A friend of the brilliant writer and biochemist Isaac Asimov has stumbled upon one of the professor’s lost essays in a bundle of old files.
Scientist Arthur Obermayer said he came across the forgotten work, entitled “How Do People Get New Ideas?,” earlier this month and published it in full on Technology Review.
It was written when the pair worked informally together at MIT spinoff Allied Research Associates (ARA) in Boston, a company that “focused on the effects of nuclear weapons on aircraft structures.”
Half a century later, it’s brimming with creative insight that’s still relevant today.
Asimov comes up with a host of points he believes help people create, basing his thoughts through the likes of Charles Darwin and his Theory of Evolution, one of the most famous ideas of all time.

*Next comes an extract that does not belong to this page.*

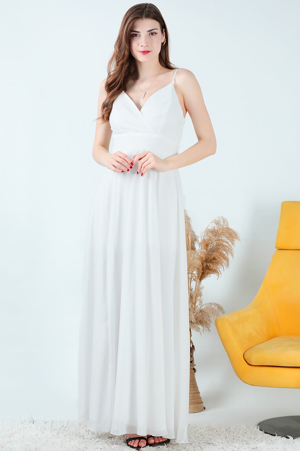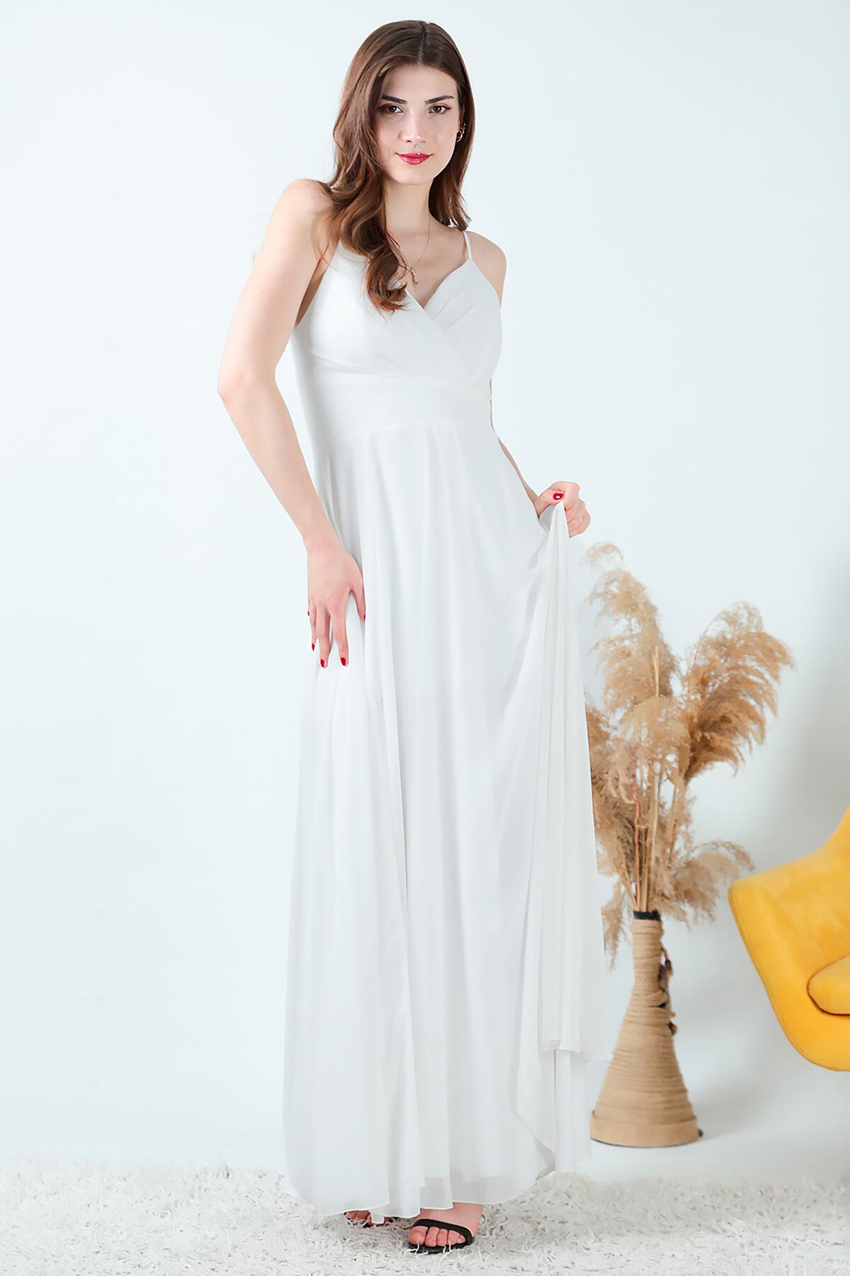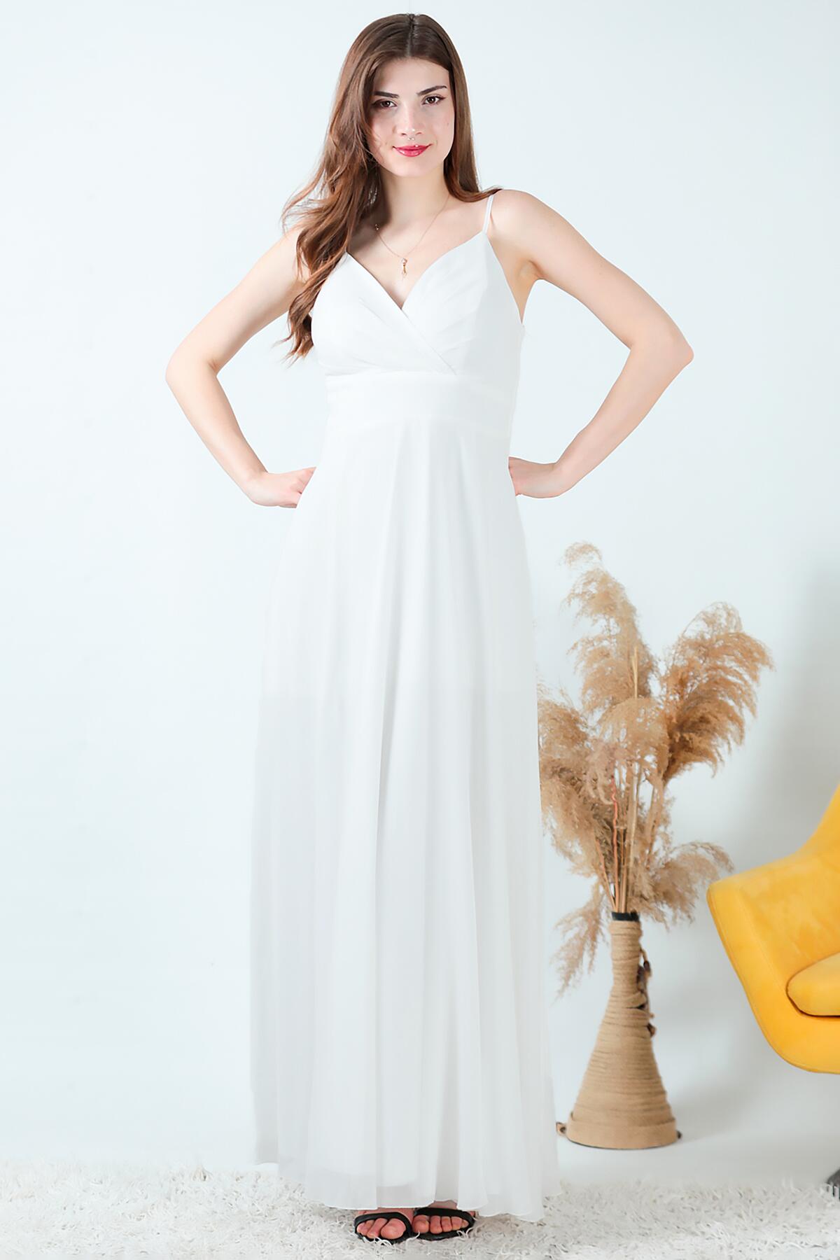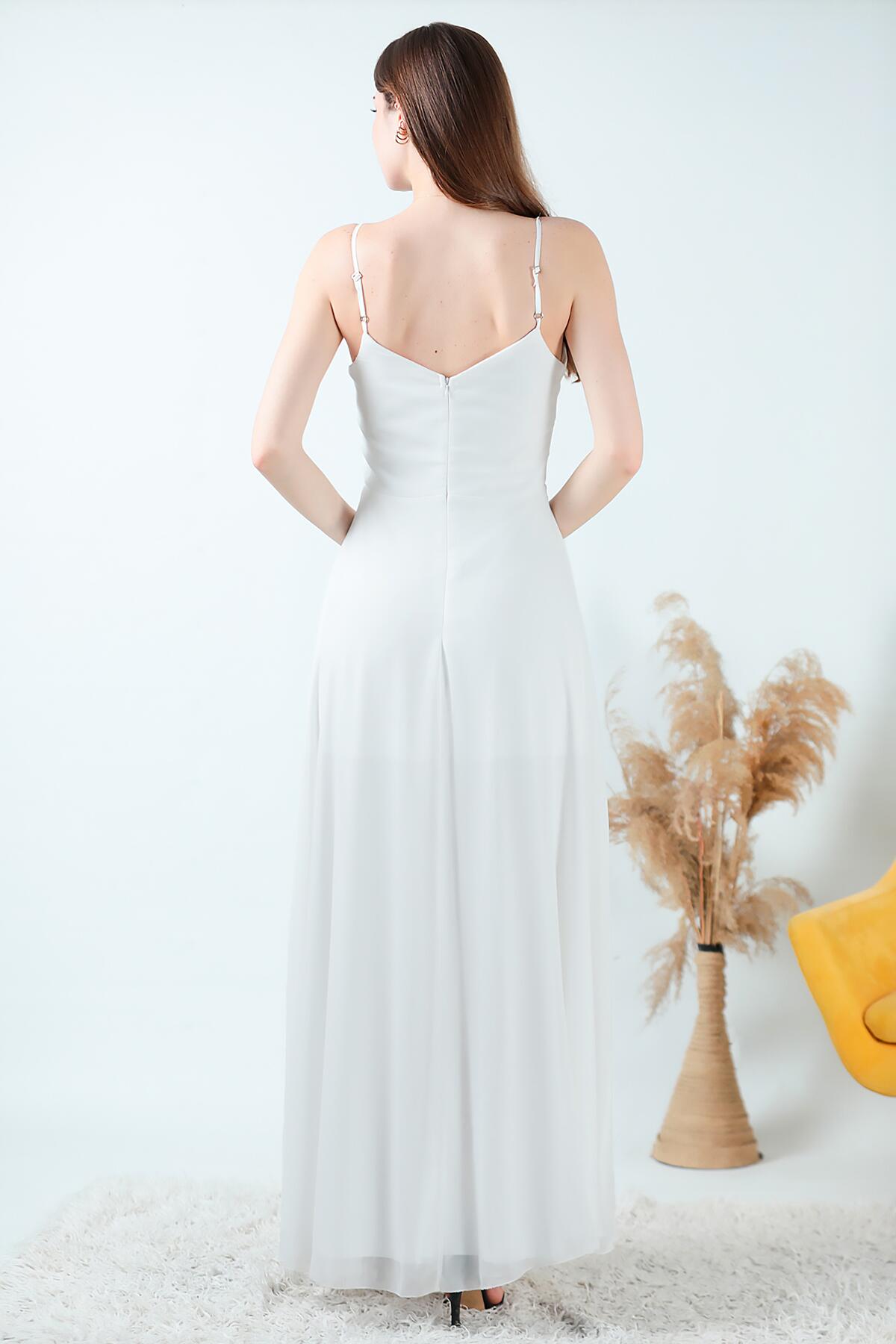 Kadın İp Askılı Şifon Uzun Abiye Ekru

The essay is thought to have been written in 1959, when Obermayer had asked Professor Asimov to contribute to the work at ARA.
Asimov’s piece, his only formal input to the project, was written but never published; It was only used by a intimate group of researchers.
They were working on antimissile research after the government realised no matter how much money was spent on improving technology at the time, Obermayer explains, it would remain “inadequate.”
The government wanted Obermayer and his team to “think outside the box” and Asimov, unsurprisingly, did.
But he also decided not to continue, believing access to classified information would “limit his freedom of expression,” and his ideas were, seemingly, misplaced.
Luckily, they have been found. Here are seven lost ideas for creativity from Isaac Asimov:
- He feels isolation is required for the creative process
- People must feel at ease, they should be relaxed throughout
- There should be a sense of informality
- Asimov advises a group no bigger than five for collaborative projects
- There shouldn’t be an overarching feeling of responsibility
- For creativeness to thrive, people must be prepared to ‘fly in the face of reason’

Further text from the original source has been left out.